2. Configure SSH Key

On your training host:

# Generate key if needed
ssh-keygen -t ed25519 -f ~/.ssh/win

# Copy to Windows
ssh-copy-id -i ~/.ssh/win.pub user@windows-ip

# Test connection
ssh -i ~/.ssh/win user@windows-ip "echo Hello from Windows"

3. Run Setup Wizard

malagent setup --minimal

The wizard will:

  1. Test SSH connection
  2. Verify MSVC is available
  3. Create configuration files

4. Verify Setup

malagent test --level smoke

Expected output:

Testing Windows DEVBOX connection...    ✓
Testing MSVC compilation...             ✓
Testing code extraction...              ✓

All smoke tests passed!

Option B: Standard Setup (Elastic Mode)

Elastic mode provides graduated rewards based on EDR detection severity.
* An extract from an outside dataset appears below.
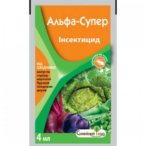 «Альфа-Супер» - высокоэффективный инсектицид контактно-кишечного действия от широкого спектра вредителей картофеля, капусты, свеклы, гороха, зерновых и плодовых культур, цветов. Эффективен против колорадского жука, литовертки, тли, пшеничного трипса, свекольной блошки, цикадки, совки, капустного и рапсового билана, долгоносика, плодожорки, медяницы, зерновки гороховой, лугового мотылька, рапсового цветоеда, саранчи, также может применяться в борьбе с садовыми муравьями для ликвидации муравейников. «Альфа-Супер» самый эффективный инсектицид в группе синтетических пиретроидов, который надежно удерживается на поверхности растений. Период защитного действия - 2-4 недели в зависимости от вида вредителей и погодных условий.Рекомендации по применению На 4 мл препарата приходится площадь обработки в 2-е сотки земли. Опрыскивание проводят в период вегетации, когда численность вредителей превышает допустимые нормы. Рабочий раствор готовят непосредственно перед применением и полностью используют в день приготовления. Бак опрыскивателя на 1/2 заполняют чистой водой, добавляют необходимую дозу «Альфа-Супер», все тщательно перемешивают, и доливают оставшееся количество воды. Обрабатывают культуры обеспечивая равномерное смачивание листьев, в безветренную погоду в утренние или вечерние часы, при температуре воздуха и почвы не выше +25 °С. Интервал между обработкой и возможным выпадением осадков не менее 3-4 часов.

1. Complete MVR Setup (above)

2. Deploy Elastic Security

You need:

  • Elasticsearch cluster
  • Kibana
  • Elastic Agent with Defend integration on test VMs

3. Configure Elastic Connection

malagent setup  # Select "Standard" mode

Or manually create configs/elastic_verifier.yaml:

elastic:
  host: "10.0.20.145"
  port: 9200
  username: "elastic"
  password: "your_password"
  ssl_verify: false

  detection:
    timeout: 120
    poll_interval: 5

4. Verify Elastic Connection

malagent elastic rules

Option C: Full Setup (Proxmox Orchestration)

Full mode adds VM pool management for parallel sample execution.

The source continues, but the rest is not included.